Mayor Bottoms denounced the riots at a Saturday news conference.

"When you run it down the street with a Gucci bag, that's not about black people dying in America," she said. "That's about killing ourselves when we do things like that."

Multiple police vehicles were reportedly set on fire after protesters and police officers clashed.

The protest started peacefully in front of City Hall as hundreds of people kneeled in silence in honor of George Floyd.

“We appreciate their voice and their manner of expression. However, since that time, others have convened in Center City and are committing criminal acts, including vandalism. Those acts will not be tolerated,” the Philadelphia Police Department tweeted.

About 3,000 demonstrators took to the streets in Chicago on Saturday, filling the streets and climbing on cars and buses.

Police and protesters clashed in front of the Trump International Hotel and Tower after police with helmets and batons pushed demonstrators out of the way so a police car could get through.

Bottles and fireworks were reportedly thrown at police officers in front of the hotel.

Video posted to Twitter showed what appeared to be Chicago police officers being swarmed, hit and dragged by protesters.

In Chicago, 108 people were reportedly arrested, but no serious injuries were reported.

But police responded to more than a dozen “police emergencies” as they tried to control the crowds.

In Washington, protesters again converged outside the White House, with some climbing on top of Secret Service cars and pushing security barricades further down Pennsylvania Avenue.

President Trump had praised the Secret Service's action Friday night by saying the protesters would “...have been greeted with the most vicious dogs, and most ominous weapons,” had they crossed the White House fence.

But Trump criticized D.C. Mayor Muriel Bowser for not letting D.C. police get involved, quoting her as saying “not their job.”

Bowser fired back, first calling Trump's comments “gross” and saying his reference to attack dogs ignited the worst memories in America’s fight against segregation.

"We are grieving hundreds of years of institutional racism," Bowser said. "People are tired, sad, angry, and desperate for change."

Bowser, who was joined by D.C. Police Chief Peter Newsham, also said that Trump’s claims regarding the D.C. police were false.

D.C. police were present, along with U.S. Park Police, Friday night, and were ready to help Secret Service in Layfette Park, the area where protestors gathered in front of the White House, as they have done in the past.

Close to 300 protesters were reportedly arrested in New York City between Thursday and Friday night, and demonstrators continued to protest through Saturday.

New Yorkers also mourned the death of Eric Garner, who died from an NYPD officer’s chokehold in 2014 by attending a rally the Rev.
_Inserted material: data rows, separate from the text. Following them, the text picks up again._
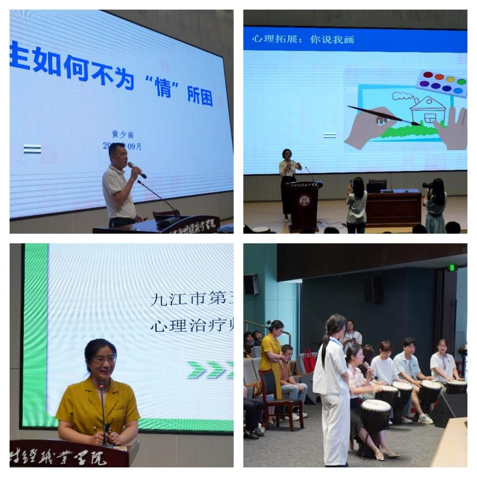 黄少南院长以《大学生如何不为“情”所困》为主题,以生活情景案例为开篇,为大一新生们详细介绍情绪的产生、如何正确地认识情绪、学会情绪自我调节以及如何与人相处和谐,从“想法、行动、学习、心态”四个方面给出指导性建议。团队成员郑朴然以“你说我画”的方式为新生们讲解何谓积极有效的沟通、人际关系对个人的意义、如何利用爱的语言“观察、感受、需要、请求”去建立良好和谐的人际关系。团队成员张伟娟通过诙谐幽默的漫画切入《认识“心理咨询”》主题,让新生们树立了对“心理咨询”的正确认识,同时展示了心理咨询的多元化形式,涵盖“个体咨询”“团体辅导”“沙盘疗法”“绘画治疗”“情绪宣泄”“正念冥想”及“音乐疗法”等丰富手段。团队成员陶晶通过现场教授同学们演奏非洲鼓引领新生们踏入了一场奇妙的心灵音乐之旅,体验了音乐疗法带来的心灵抚慰与力量。在场学生们反响热烈,积极参与互动,不仅掌握了情绪管理、人际沟通的技巧,还树立了对心理咨询的正确认识,为大学生活注入了满满的正能量与希望。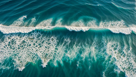 The majestic beauty of the ocean as viewed from a drone, showing the detailed textures and forms of waves crashing into the sea from a top view perspective.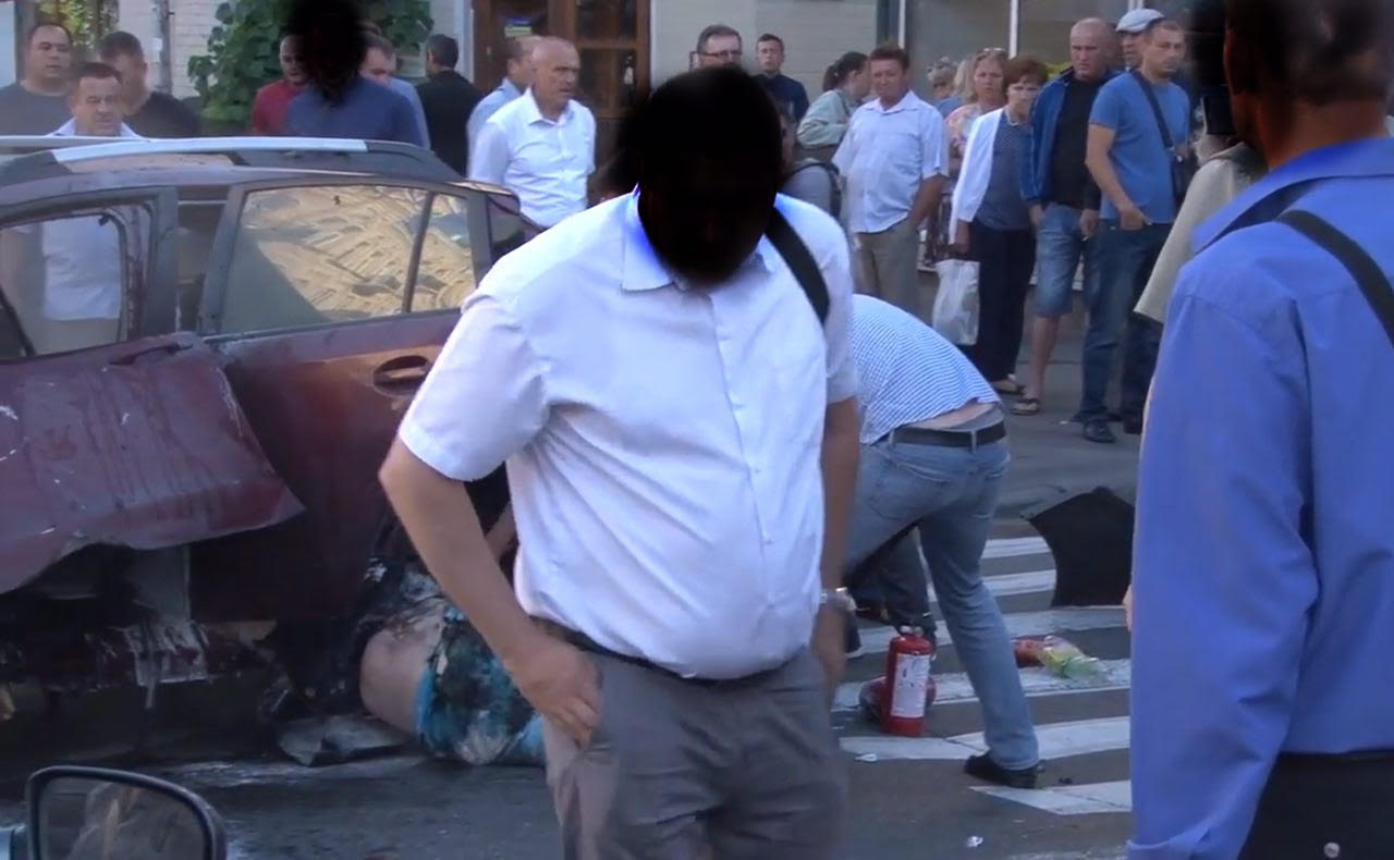На кадрах, опубликованных в интернете с места взрыва автомобиля, в котором находился журналист Павел Шеремет, также видны два сотрудника Трояна, которые были там в момент взрыва, один из них бывший боец "Азова", а ныне сотрудник Нацполиции.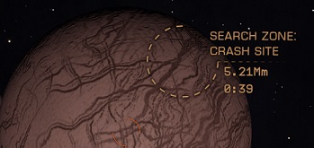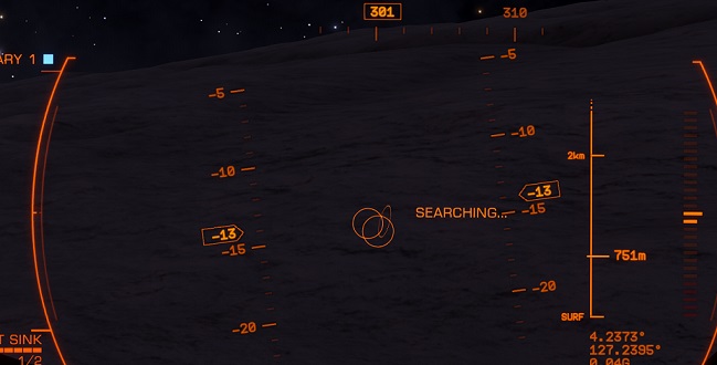 ミッションアップデートで指示された惑星・衛星へ移動後、ある程度まで近づくと地表上の「目標となる墜落ポイント」を表示してくれる。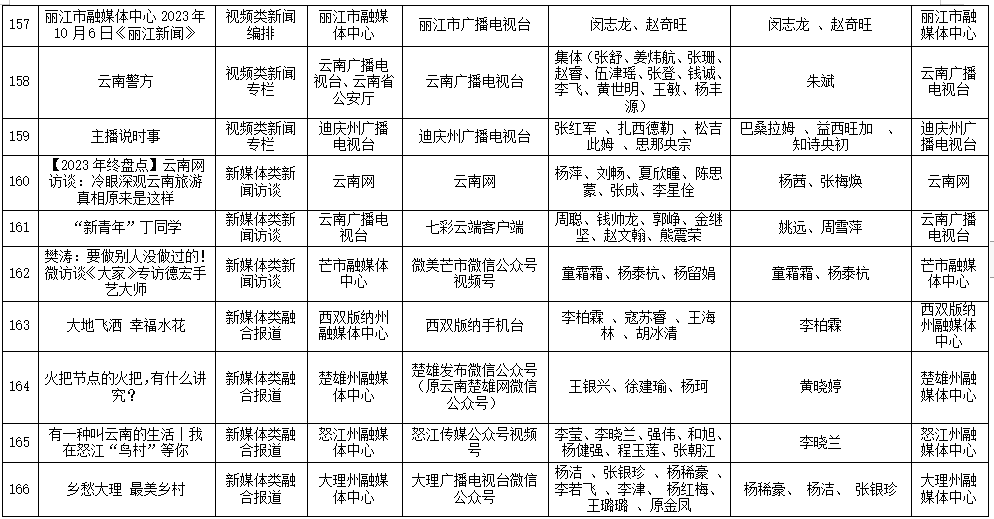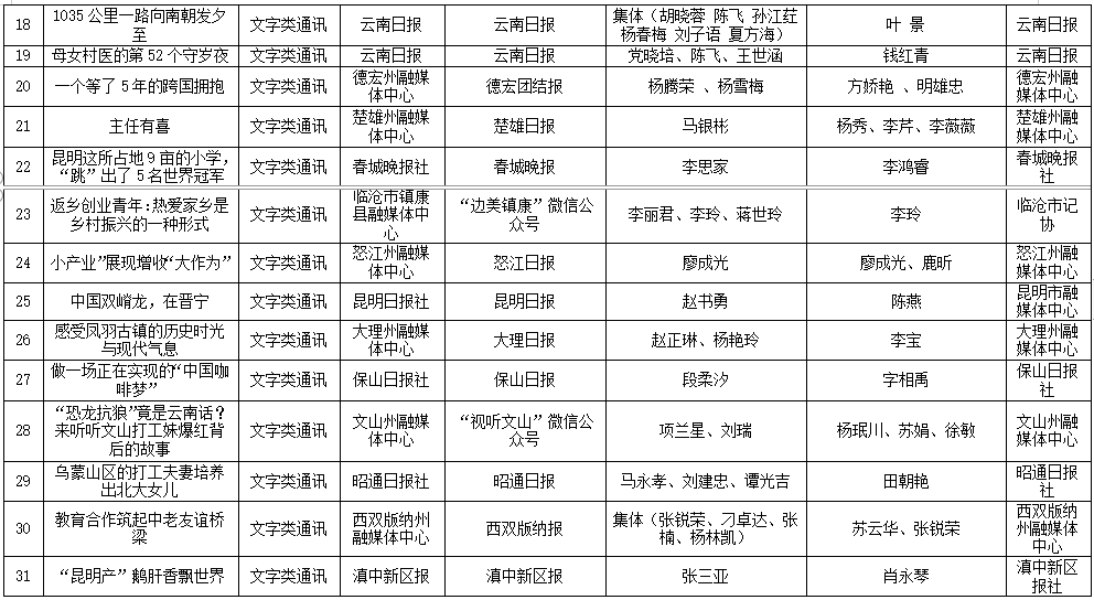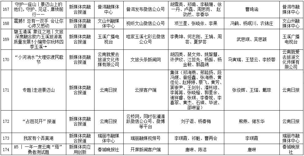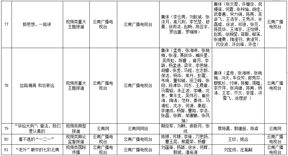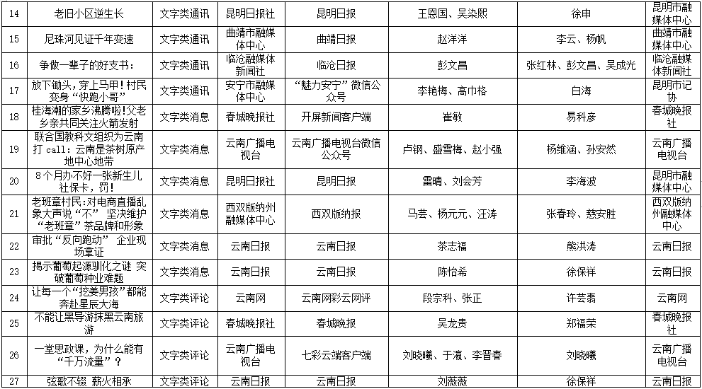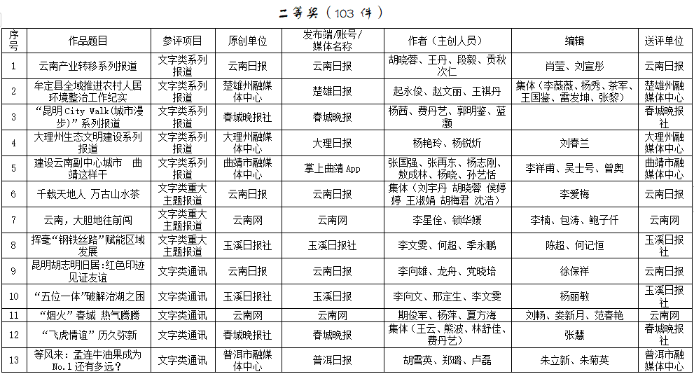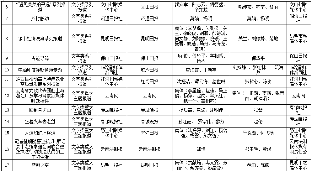根据《评选办法》规定,现将评选结果在云南网、云南记协网进行为期5个工作日的公示,欢迎社会各界监督、评议。云南记协评选办公室将认真受理,对有关举报进行认真核查。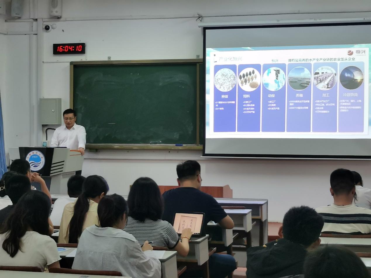 9月26日下午,2021年秋季学期首场“水产名企海大行”在鱼山校区新教学楼404举办,本场“水产名企海大行”为广东恒兴集团专场宣讲会。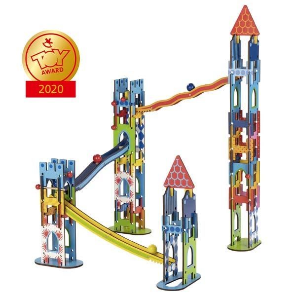 Kulodrom kolorowy zamek Goki to zestaw, który pozwoli zbudować bajeczny tor wyścigowy dla kulek. To, jak tor będzie wyglądał, zależy od pomysłu dziecka! Budowa toru może być doskonałym wstępem do nauki o grawitacji, taka aktywność rozwija również zdolność do logicznego myślenia oraz kształtuje zdolności manualne. W zestawie znajduje się 79 elementów: Elementy są ekologiczne – wykonano je ze sklejki. Łatwo się je montuje, są bardzo stabilne i nie rozłączają się podczas zabawy. Bajeczne kolory oraz elementy takie jak długie zjazdy, dzwoneczek itp. urozmaicą zabawę.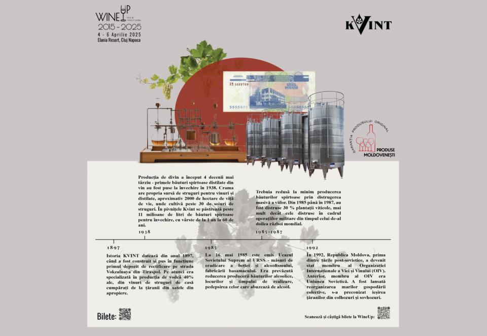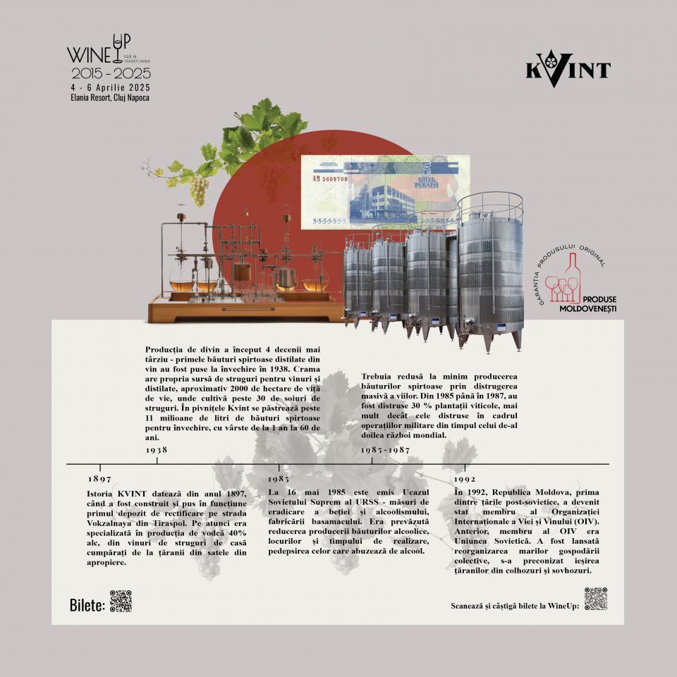 Istoria KVINT datează din anul 1897, când a fost construit și pus în funcțiune primul depozit de rectificare pe strada Vokzalnaya din Tiraspol. Pe atunci era specializată în producția de vodcă 40% alc, din vinuri de struguri de casă cumpărați de la țăranii din satele din apropiere.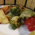 Сначала хочу сказать несколько слов о составе блюда. Каждый раз, когда я его готовлю, состав овощей бывает разным - то, что есть в холодильнике или под рукой. Можно добавлять капусту, стручковую фасоль, убирать грибы или другие овощи. Летом, когда овощи дешевые, проблем вообще нет. А вот для зимнего варианта, который я сегодня хочу показать, я специально замораживаю порезанные полукольцами кабачки и баклажаны, нарезанные дольками помидоры и крупными квадратами болгарский перец. Обязательными ингредиентами являются картофель, кабачок или баклажан, болгарский перец, чеснок, морковь и желательно помидор. Цветную капусту, грибы и брокколи обычно покупаю в заморозке. Картофель порезать тонкими кусочками, сложить в глубокую миску, добавить соль и немного растительного масла. Я обычно беру подсолнечное и добавляю немного оливкового. Выкладываем картофель на противень так, чтобы каждый кусочек лежал отдельно. В эту же миску выкладываем кабачки, солим по вкусу, добавляем растительное масло. Кабачки выкладываем на противень к картофелю. С баклажанами поступаем так же, как и с кабачками: солим по вкусу, добавляем растительное масло. И выкладываем на противень. Чеснок режем пластинами. Раскладываем сверху картофеля, кабачков и баклажанов. Оставшиеся овощи солим, добавляем растительное масло и перемешиваем в миске. Выкладываем на противень сверху.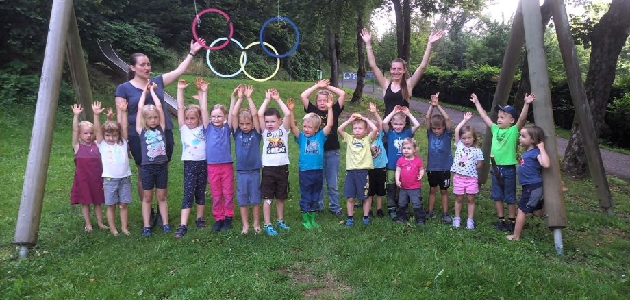 Die Zeichen stehen auf Olympia, als die Waldgruppe Grashüpfer der Kindertagesstätte Schatzkiste mit Mann und Maus zu ihrer Waldrallye aufbricht. Eltern, Kinder und Erzieherinnen trafen sich nachmittags am Kindergarten und absolvierten den spannenden Parcours durch den Wald oberhalb von Neuenschmidten und Schlierbach. Es war das Olympiafest schlechthin in der Metropole Brachttal und ein Ereignis von besonderer Seltenheit.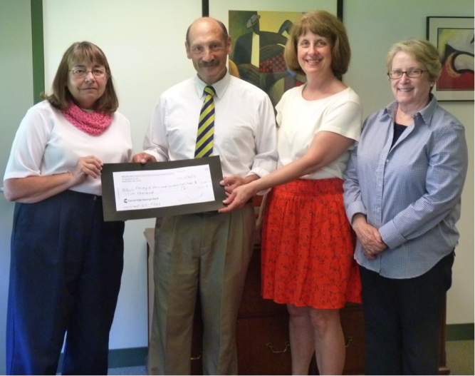 Linda White, outgoing BEF Co-Chair and Marge Heckman, Co-Chair presented a check for $5000 to Bedford school Superintendent Jon Sills and Assistant Superintendent Claire Jackson as the BEF’s contribution toward the new partnership just established between the Bedford Public Schools and Facing History and Ourselves (FHAO).
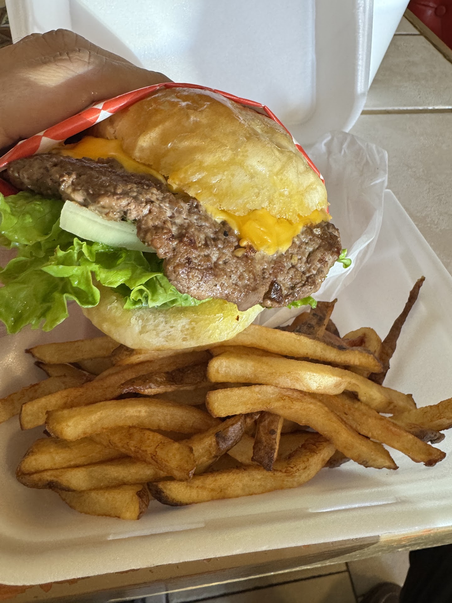 While staying here in brackettville Texas I decided to have something a little different and because of Google pictures I was able to see a burger that looked unique, so I came here to Julie's place in order the Mexicana Burger with fries. It comes on a homemade bun which takes it a little over the top in flavor and the fact that bun holds together better than a traditional bun. The burger had grilled onions bell peppers pepper jack cheese, avocado slices, lettuce and tomatoes, but not sure on condiments because the flavor was really good and I almost forgot a small thin slice of ham that was also grilled to give it that added flavor. The fries were normal and service was fast and friendly by the young lady at the front desk. I would definitely recommend the Mexicano Burger if you're looking for something a...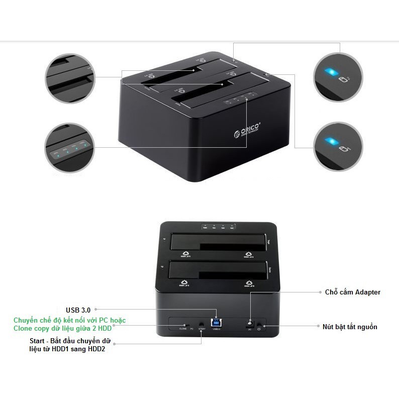 Thiết bị cắm nóng ổ cứng 2 cổng ORICO 6629US3-C phiên bản có cloneChi tiết sản phẩm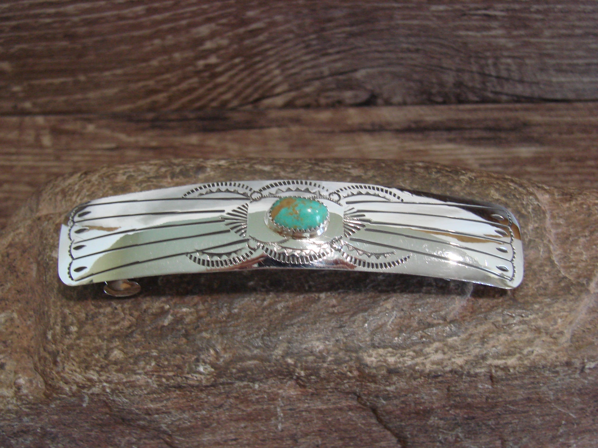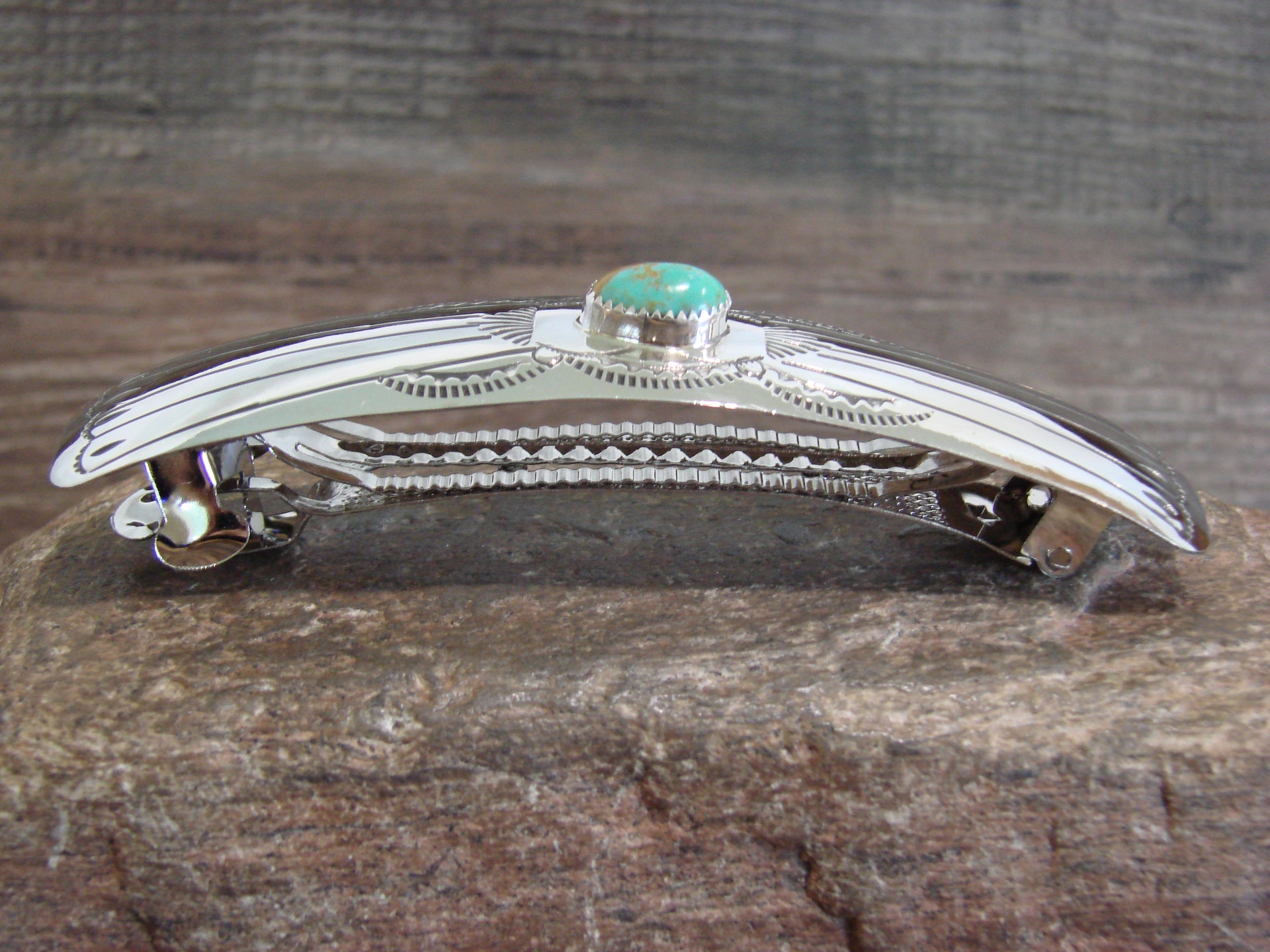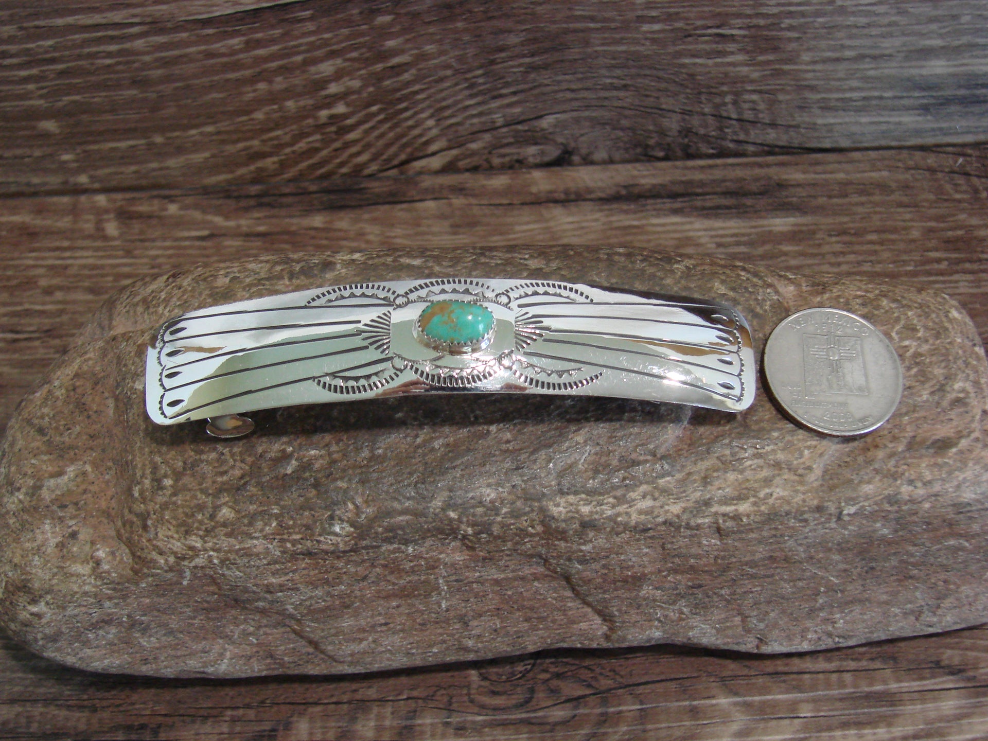 Native American Sterling Silver & Turquoise Hair Barrette by Begay

Al Sharpton hosted.

The crowd chanted “I can’t breathe,” which were the last words Garner reportedly said -- but also one of the last statements said by Floyd before he was killed by a Minneapolis police officer.

Trump has responded to the nationwide protests by blaming liberal leaders and threatening use of the military involvement.

In a tweet Saturday, he said: “Liberal Governors and Mayors must get MUCH tougher or the Federal Government will step in and do what has to be done, and that includes using the unlimited power of our Military.”